The monsieur shifts side to side, looks around, looks at me, looks back at the bouncer.

    “A damaged ID isn’t valid.” He’s not much of a communicator, I think to myself. I hand him my B.C. driver’s license.

Then it dawned on me.

    “Alright, if he’s not going in, neither am I,” I say.

    “Your ID is fine, sir.”

The brother in front is a brother, a not so clean looking one at that. I look over, and he’s now on his phone. He lights a cigarette. I wonder who he’s calling. He looks at me, but I break eye contact to check him out. Old shoes, ripped jeans, faded True Religion t-shirt. I wonder if its my polished boots and collared shirt that makes me better club patron material, or something else.

    “You want in?”

    “No. Not my kind of club.” I turn back to the street. The celebration misses no beat.
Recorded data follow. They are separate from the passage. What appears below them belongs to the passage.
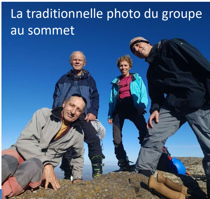
La traditionnelle photo du groupe au sommet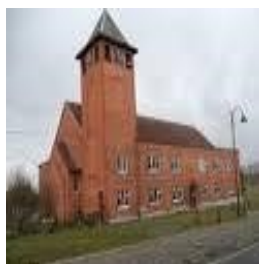
Paroisse de Bierghes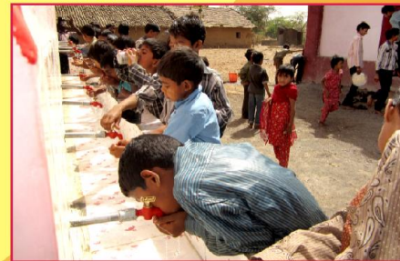
சுத்தமான நல்ல குடிநீரை சந்தோஷமாக குடிக்கும் நமது பல் ஆதிவாசி மாணவர்கள்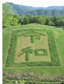
讃岐まんのう公園にて

新元号「令和（れいわ）」が5月1日に発表されました。日本で最初に採用された元号は、西暦645年に孝徳天皇が定めた「大化」。それから1300年余り経過した「平成」まで247の元号が使われてきたそうです。改元に合わせて2019年のゴールデンウィークは10連休になり、今までにない混雑を経験されたのではないかと思います。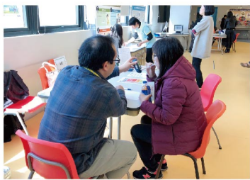
▲ 為企業員工進行一氧化碳呼氣測試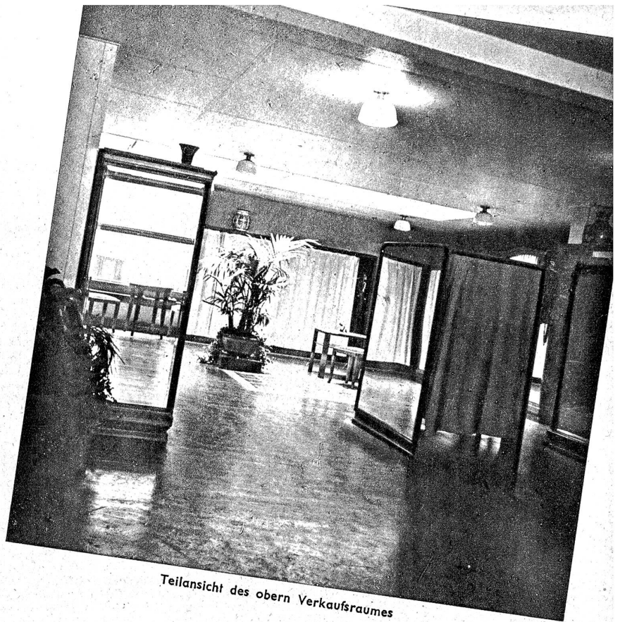
Teilansicht des obern Verkaufsraumes

ist eine seltene Gabe, ist er aber gegeben, so wird er auch zum Schöpfer des Schönen und Nützlichen.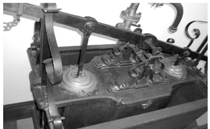
Die ältesten Teile der Handspritze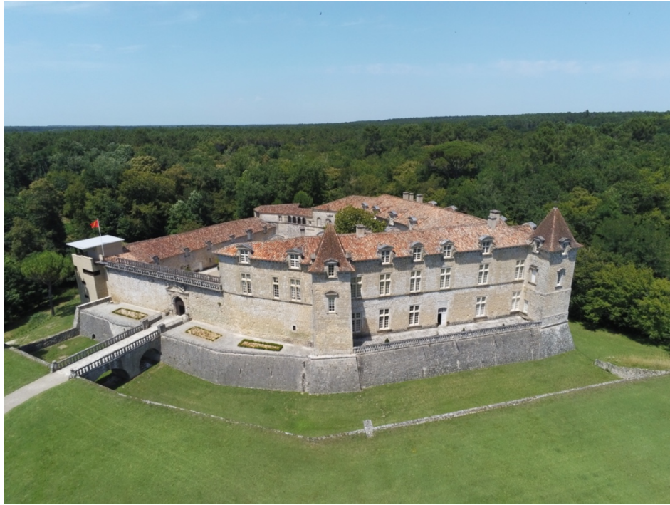
Vue aérienne du Château Royal de Cazeneuve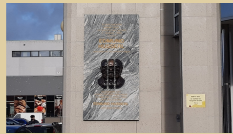
10) Pamětní deska filozofa E. Husserla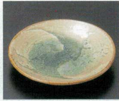
23213-524 緑雲5.0丸皿 1,200円 80入 (16.5×2.7cm)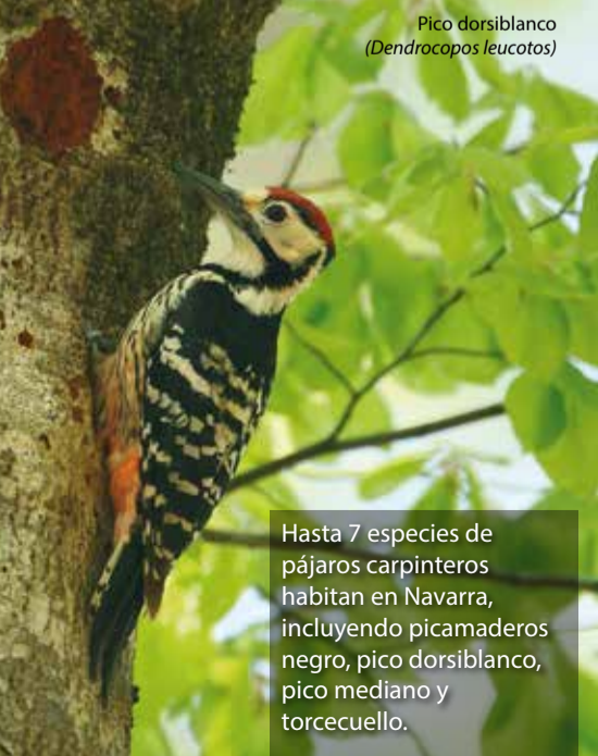
Pico dorsiblanco ( Dendrocopos leucotos )

Una de las mejores poblaciones ibéricas de avetoro común se halla en los humedales de Navarra, donde también habitan pato colorado, somormujo cuellnegro, calamón común y bigotudo, entre otros.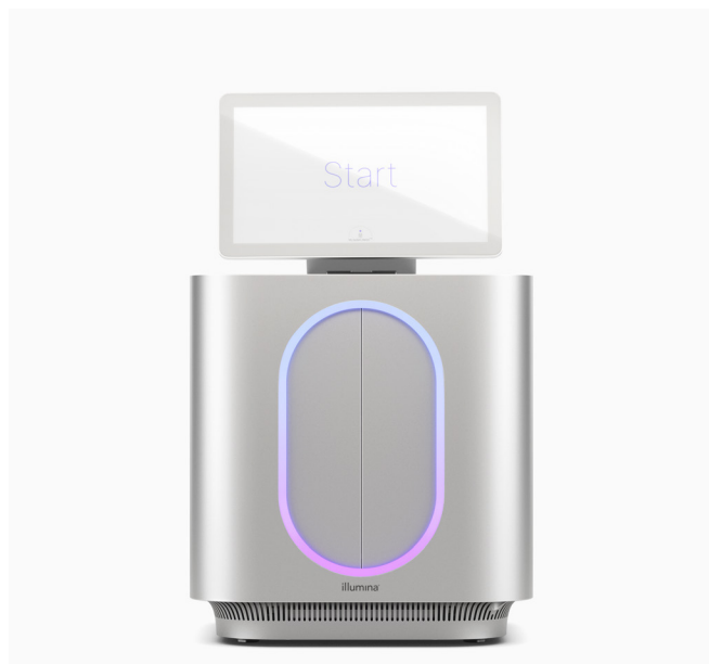
图 1: MiSeq i100 和 MiSeq i100 Plus 基因测序仪——借助专为简便和快速而设计的桌面式基因测序仪，因美纳的创新技术不断扩展 NGS 的可及性。

因美纳每项创新都以客户体验为核心，我们一直尽可能地帮助用户轻松开展文库制备、测序和数据分析。MiSeq i100 系列分析流程经过全方位优化，大幅减少完成项目所需的时间和资源（图 2）。MiSeq i100 和 MiSeq i100 Plus 基因测序仪提供的简化分析流程，仅需三个步骤即可在 20 分钟之内完成运行设置。即插即用装试剂卡盒和耗材可在室温下运输和储存，因此测序前无需等待试剂解冻。直观的信息学分析大幅减少了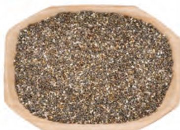
SEMILLA DE CHIA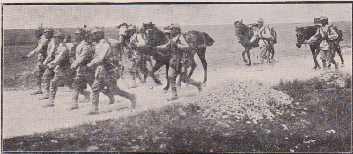
O secție de mitraliere în marș.

Aceste informațiuni, cari veneau din mai multe părți, concordau perfect. Ele m'au determinat să ordon înaintarea diviziei și să mă decid la capturarea ei. Până la această hotărîre avantposturile noastre venind în contact cu cele bulgare, avusesem soldați morți și ofițeri răniți. Aceste fapte erau de natură să mă decidă și mai mult să tai retragerea brigădei bulgare întâlnite și s'o capturez. Retragera ei eră inlesnită de calea ferată din apropiere. Prima mea grije a fost să stric aceea cale ferată. Am ordonat deci să fie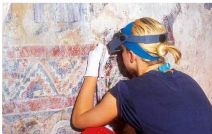
Zidno slikarstvo i mozaik: čišćenje zidne slike u zvoniku crkve sv. Marije u Zadru

U Muzeju za umjetnost i obrt u Zagrebu otvorit će se potkraj godine izložba kojom će se predstaviti ključni dionici i događaji vezani uz povijest restauriranja u 20. stoljeću u Hrvatskoj i kojom će Hrvatski restauratorski zavod obilježiti 70 godina kontinuirane konzervatorsko-restauratorske djelatnosti.

The same old song and dance on repeat.

Later, I’d read an article in The Walrus titled “How Racism Affects Your Health” by Dr. Mojola Omole, who’s a surgical oncologist who’s worked in Canada and sub-Saharan Africa. In it, Omole discusses the relationship between health and being a non-white individual.

She references — among other studies — a 2017 meta-analysis of 16 studies that measured the physiological effects of discrimination. The analysis found evidence of an association between racism and an increase in cortisol output, which can lead to weight gain and a weakened immune system. She went on to list multiple studies that suggest similar ends.

According to Omole the research in links between oppressive structures and health is still in its infancy. Regardless, research has found a gap between the quality of health in visible minorities and white Americans.

We were just trying to listen to music. Neither of us were thinking about health. But the article made me reflect on the the bigger picture. I’m still wondering if it was my black boots or white skin that made my ID look not bent. Either way, “[d]iscrimination, as one U.S. researcher has hypothesized, is a “social toxin” that may be sickening and, ultimately, killing people,” Omole wrote.